22. Ionizing Radiations
 These are produced from charged particles and
indirectly from gamma rays and can penetrate matter
to significantly greater degree than UV rays.
 Ionizing radiations destroy microorganisms by stopping
reproduction as a result of lethal mutations.
 Some important type of ionizing radiations are X-rays,
gamma rays, cathode rays, beta rays.
 High speed electrons are generated by Van de Graaf
accelerator. They have been used for sterilization of
catgut sutures, plastic administration sets, vitamins and
antibiotics in dry state.

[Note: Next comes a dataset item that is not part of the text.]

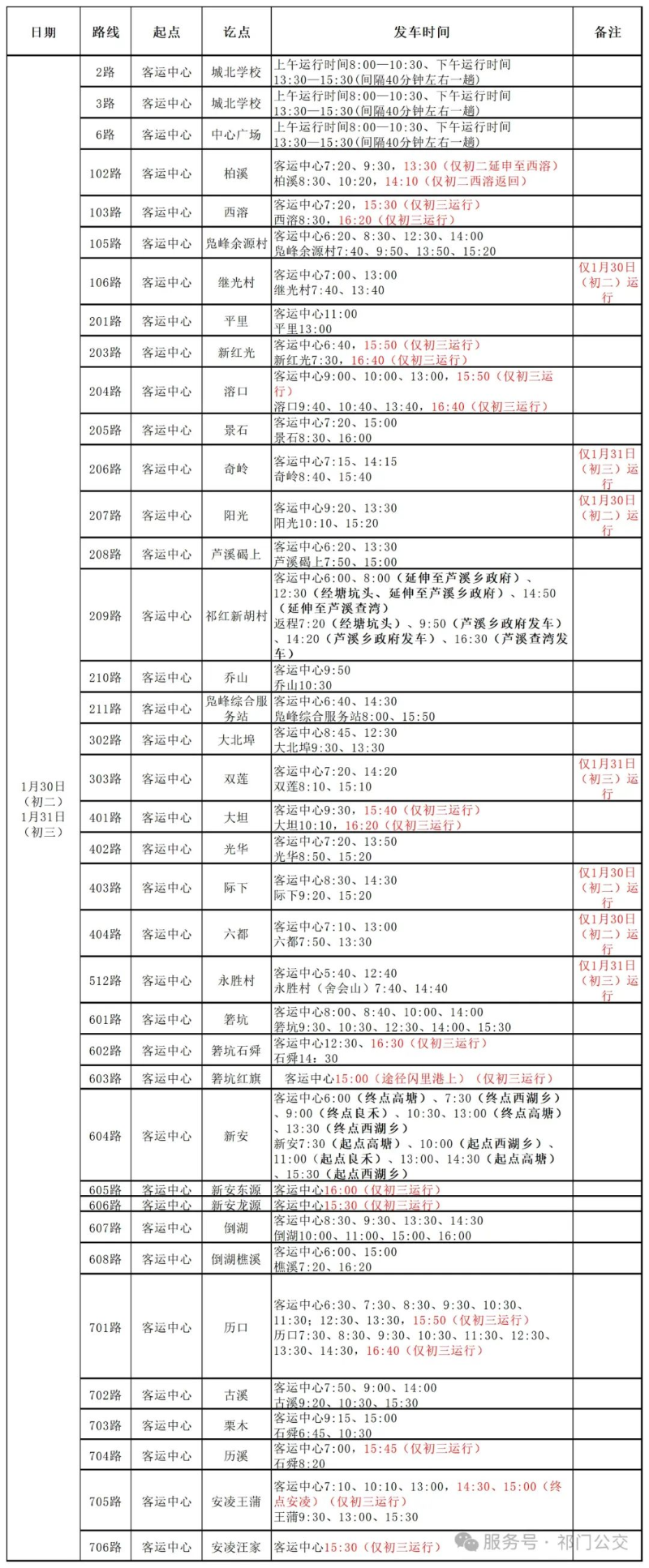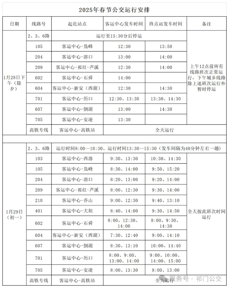为营造温馨、和谐的春节氛围,祁门公交结合需求,对2025年1月28日至1月31日(除夕至初三)期间公交班次进行调整,具体运营班次调整如下:

However this method of
sterilization is expensive and are not present in
manufacturing process.

23.  Ionizing radiations are satisfactory method of
sterilization mainly in case of injection products of
a number of antibiotics like benzyl pencillin,
streptomycin, vitamins like ascorbic acid etc.
 Irradiations have also been applied for sterilization
of vaccines.

24. Sterilization by Filtration
 This is also a non thermal method of sterilization widely
used for heat liable solutions to be sterilized.
 A distinct advantage of this method is it actually
removes microorganisms.
 This method is a useful process of sterilization for large
volume and small volume solutions.
 This method is official method of sterilization in I.P and
B.P.
 Commonly used filters include porcelain filters,
diatomaceous earth filters, asbestos pad filters,
sintered glass filters, membrane filters and ultra filters.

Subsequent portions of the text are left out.